**Task details**.
Wherever a picture appears in the listing below, leave it out and reproduce the rest exactly.

**Supplied material**.
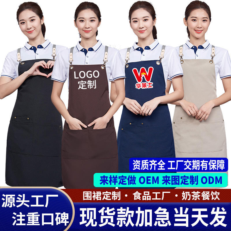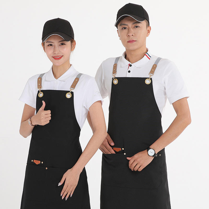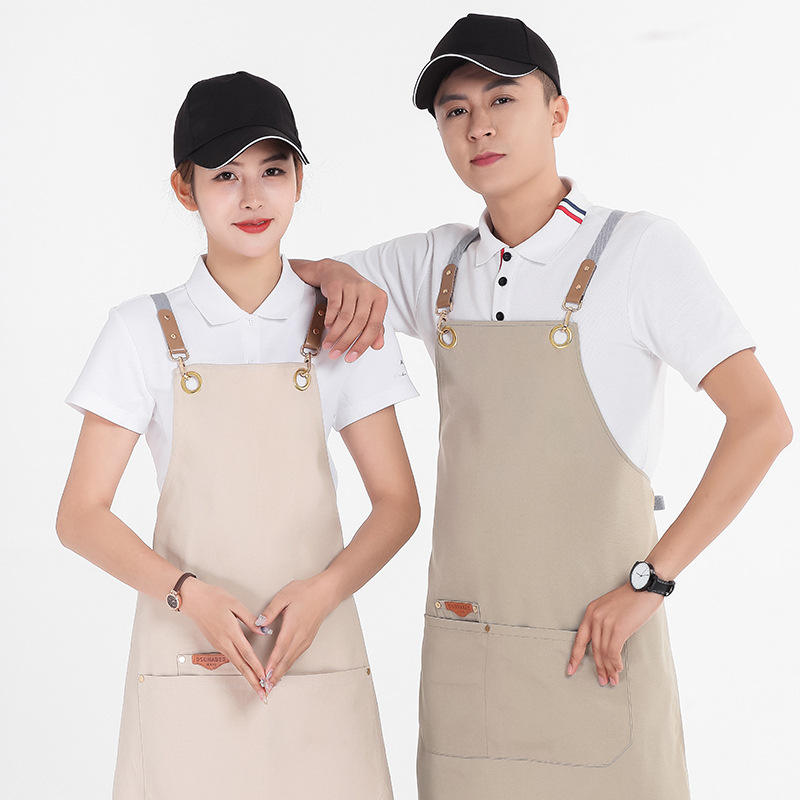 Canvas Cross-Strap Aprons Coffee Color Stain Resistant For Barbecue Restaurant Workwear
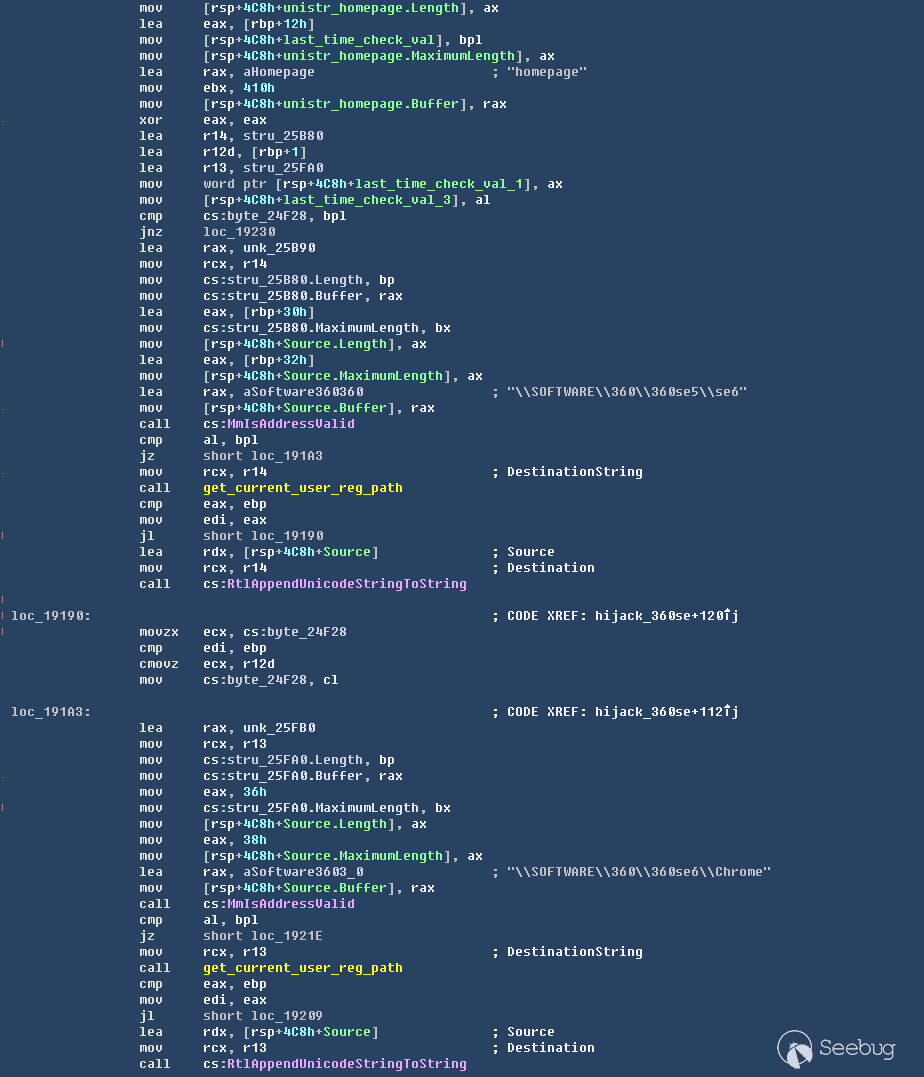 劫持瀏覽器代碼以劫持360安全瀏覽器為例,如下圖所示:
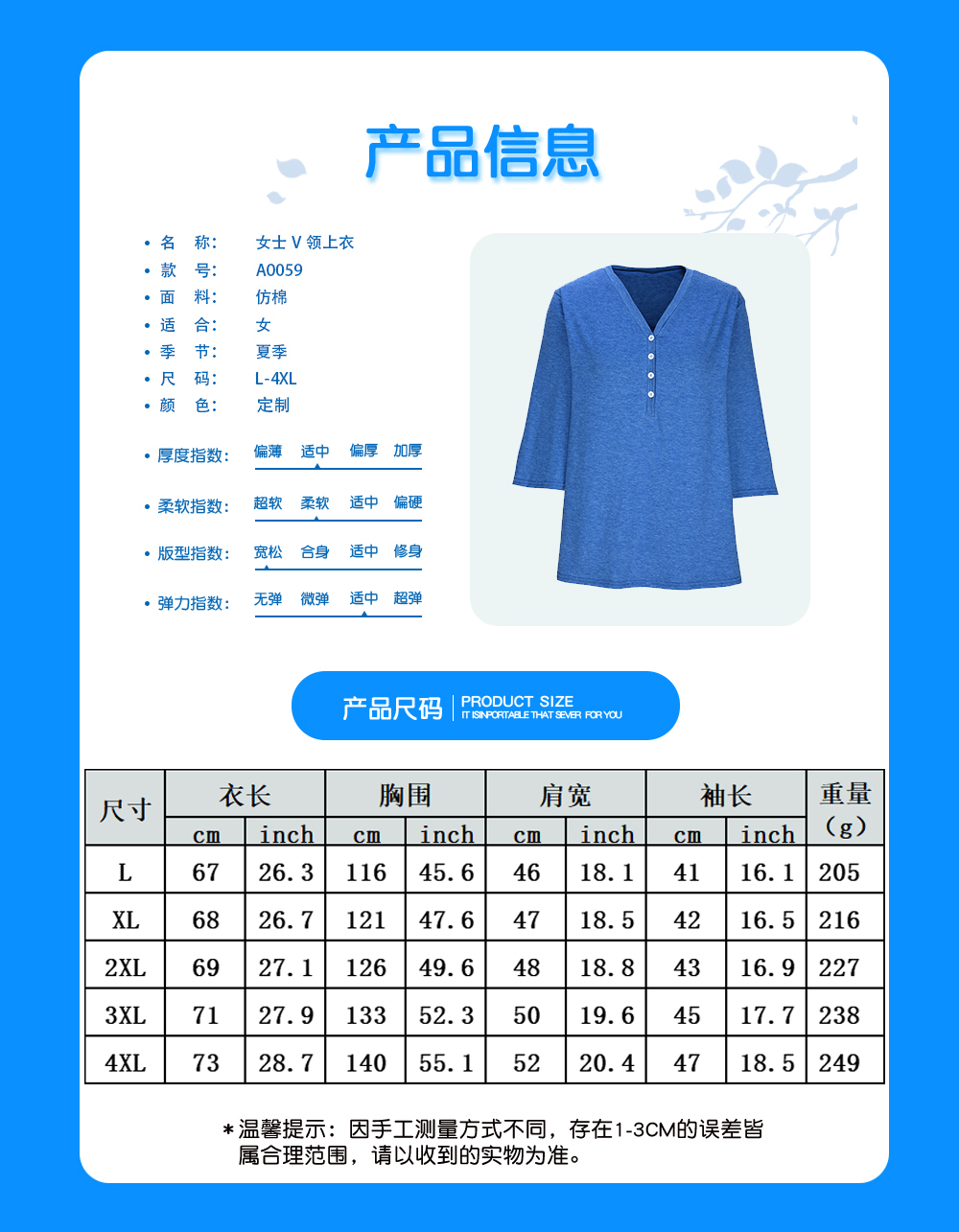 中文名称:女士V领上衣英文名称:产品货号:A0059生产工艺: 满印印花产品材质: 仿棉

**Answer below**.
 Canvas Cross-Strap Aprons Coffee Color Stain Resistant For Barbecue Restaurant Workwear
 劫持瀏覽器代碼以劫持360安全瀏覽器為例,如下圖所示:
 中文名称:女士V领上衣英文名称:产品货号:A0059生产工艺: 满印印花产品材质: 仿棉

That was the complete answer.